Sorry, da kann ich dir auch nicht helfen.

du könntest höchstens mal noch probieren das xdm init-skript zu beenden, und dann einfach startx auszuführen. wenns dann klappt, dann liegts nicht am x11, sondern an deinem xdm. Ansonsten weiß ich auch nix mehr

----------

## uhai

startx funktioniert genauso - gleiches Ergebnis...

gehe ich mit der Maus nach unten oder rechts verschiebt sich die angezeigte Oberfläche nach oben oder links..

uhai

----------

## Josef.95

 *Quote:*   

> Hallo zusammen,
> 
> nach dem letzten KDE-Update vor zwei Tagen war der Anmeldebildschirm in übler Auflösung (800x600?) ohne Maus und Tastatur.
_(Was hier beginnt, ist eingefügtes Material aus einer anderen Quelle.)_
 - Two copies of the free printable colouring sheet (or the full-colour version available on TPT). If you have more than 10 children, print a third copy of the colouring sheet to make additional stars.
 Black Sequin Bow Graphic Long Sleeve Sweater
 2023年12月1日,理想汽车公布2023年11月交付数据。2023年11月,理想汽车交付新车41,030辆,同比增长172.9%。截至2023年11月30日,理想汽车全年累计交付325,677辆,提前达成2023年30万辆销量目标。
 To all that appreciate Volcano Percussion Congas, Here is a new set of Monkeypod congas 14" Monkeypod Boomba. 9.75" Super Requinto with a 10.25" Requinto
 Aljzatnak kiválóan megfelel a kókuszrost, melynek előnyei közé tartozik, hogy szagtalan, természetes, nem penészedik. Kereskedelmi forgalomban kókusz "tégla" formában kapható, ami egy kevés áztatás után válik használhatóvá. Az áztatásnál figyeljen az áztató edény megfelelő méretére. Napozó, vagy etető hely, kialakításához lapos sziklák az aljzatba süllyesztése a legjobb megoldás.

Deshalb habe ich wie in der Doku beschrieben X-Server und nvidia-guide meinen X-Server neu aufgesetzt. Dabei habe ich festgestellt, das in meiner alten xorg.conf noch die Definitionen vom alten Monitor stehen. Also habe ich diese Datei umbenannt, mit nvidia-xconfig eine neue geschrieben und seitdem läuft der X-Server. Lediglich ein Problem habe ich:
> 
> Die Benutzeroberfläche ist größer als mein Monitor. Geht man mit der Maus nach rechts oder nach unten, wird der sichtbare Teil der Oberfläche verschoben und ich bekomme einen breiten schwarzen Rand. diesen Effekt bekomme ich nicht weg.... stört aber.
> ...

 

Hallo uhai,

hm, ist ja ungewöhnlich..

Vermutlich ist das ganze nach dem wechseln vom 200er zum 300er nvidia-drivers aufgetreten? Wenn ja, beachte das sich zwischen diesen Treiber Versionen sehr viel geändert hat - sprich den neuen Treiber solltest du möglichst komplett neu einrichten.
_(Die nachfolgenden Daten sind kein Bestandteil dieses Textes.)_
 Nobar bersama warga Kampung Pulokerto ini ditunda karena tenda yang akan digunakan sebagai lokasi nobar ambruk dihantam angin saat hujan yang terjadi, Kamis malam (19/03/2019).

Ein Schuss ins Blaue: Entferne doch (sofern vorhanden) auch mal die ~/.nvidia-settings-rc

eventuell sind dort noch zum neuen Treiber inkompatible Settings drin enthalten.

----------

## wuesti

Mir sieht das so aus, als hättest du im KDE einen größeren virtuellen Desktop eingestellt.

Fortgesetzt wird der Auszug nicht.